Соня встала, потянулась, поцеловала меня.
– Картину надо вернуть. Отец заказчику остался должен, а требуют с меня.
На лестнице она остановилась:
– А ты ничего…
Угли «дышат», то оживая, то угасая. Теперь они похожи на разваренных рыб с черной кожей и ярко-оранжевым мясом. Здесь же валяются забытые Соней бабушкины валенки.
Беру фонарь, выхожу во двор подышать перед сном. Небо заволокло тучами. Звезды пропали, только черная мгла. Луч фонаря высвечивает лужайку перед домом, блюдечко… Молоко выпито.
Луч бежит по стволам деревьев, выше. Там толкаются тучи.
– Эй, Господь, ты там есть или нет? – спрашиваю тихо. – Я понимаю, смешной вопрос, но ответь… Если ты есть, то смешно, что я сомневаюсь… а если тебя нет… тогда вообще все невероятно смешно… – бормочу я, задрав голову. Смотрю вокруг отрешенными глазами, как слепой, устремленный внутрь себя.
– Господи, зачем ты нагнал тучи? Ваня любит солнце…
Вожу лучом фонаря по небу, как завхоз, зашедший в темный склад. Хоть бы крыса какая-нибудь юркнула или вор.
– Это некультурно, Господь! Я с тобой разговариваю, а ты не отвечаешь!..
Беру в руки вилы, прислоненные к стенке веранды, делаю выпад.
– Или это все сон… кривое зеркало… ошибка… я родился не в том мире, или не родился вовсе… я мертв…
Выпад, прыжок, разворот. Выпад, прыжок… Я скачу вокруг пустого белого блюдца. Ежи выпили молоко и ушли с миром. У меня в руках орудие, которым убили множество их предков. Надо мной небо, не желающее разговаривать. Я тренируюсь. В любой момент может начаться бой. И тогда я буду готов.
Зайдя в комнату, слышу – Ваня тяжело дышит.
– Вань, все нормально?
Не отвечает.
– Ваня!
Он постанывает.
Сердце! Судорожно ищу таблетки. Где же они!!! Отсчитываю две, поднимаю его голову, подношу ко рту.
– Глотай, Ванька, глотай…
Он дрожит. Грудь часто поднимается.
– Сейчас все будет хорошо… – глажу его по лбу, целую щеку.

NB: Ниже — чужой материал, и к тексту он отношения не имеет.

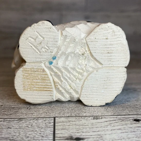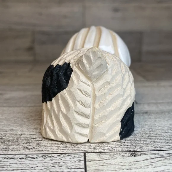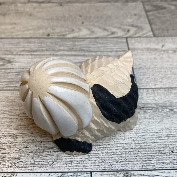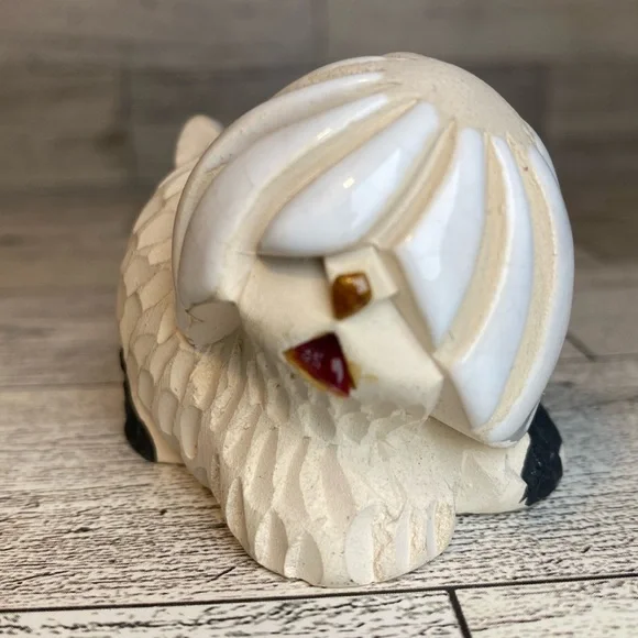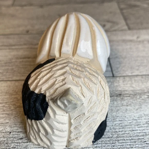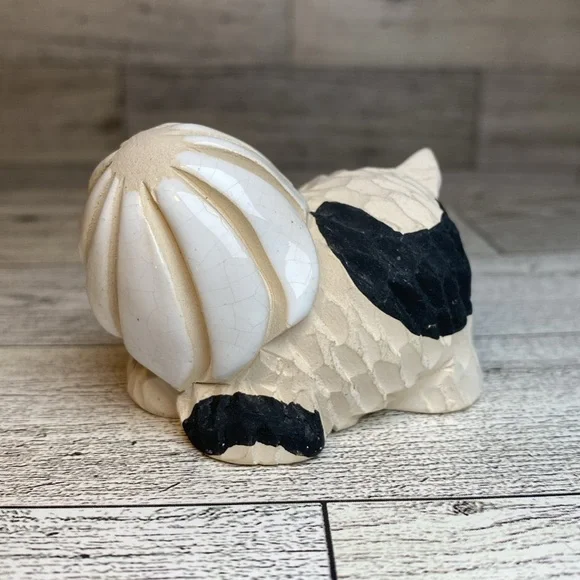 Artesania Rinconada pottery figurine of an Old English Sheepdog. Artesania Rinconada is a company from Uruguay that produces hand-crafted ceramic figurines. These figurines are known for their unique designs, detailed carvings, and the use of vibrant colors and sometimes glass accents.Origin: Hand-made in Uruguay, circa 1980. Material: Ceramic with a glazed finish, possibly with a glass tongue. Design: Captures the shaggy coat and good-natured demeanor of the Old English Sheepdog. Features: Hand-carved hand-painted with unique detailing such as milk glass head of hair brown glass nose and ruby glass tongue, hand painted black spotsCollectibility: It is a vintage and retired piece, making it a collectible item. Artist signed.*Very Good Condition

– Больно, – жалуется Ваня.
– Сейчас пройдет. Это ты танцевал много…
Ругаю себя за то, что недоглядел. Развлекался с Соней, вместо того чтобы побыть с сыном. Он сегодня столько носился… Дыхание его постепенно успокаивается.
– Ну, как ты?
– Зачем ты целовал Соню? – строго спросил Ваня, как только ему полегчало.
– Я?.. Соню?..
– Я видел, как ты ее целовал! Я с ней танцевал, я ее люблю! – Ваня опять задышал тяжело.
– Вань… она… она тоже тебя любит.
– Она для меня святая!
– Вот и хорошо. Вот и хорошо… Тебе перевозбуждаться не надо.
– Перевозбуждаться вредно.
– Правильно, Ванечка, правильно. Перевозбуждаться вредно… – глажу его лоб.
– Спокойной ночи, папа.
– Спокойной ночи, дорогой. Пусть тебе приснится что-нибудь тихое и красивое.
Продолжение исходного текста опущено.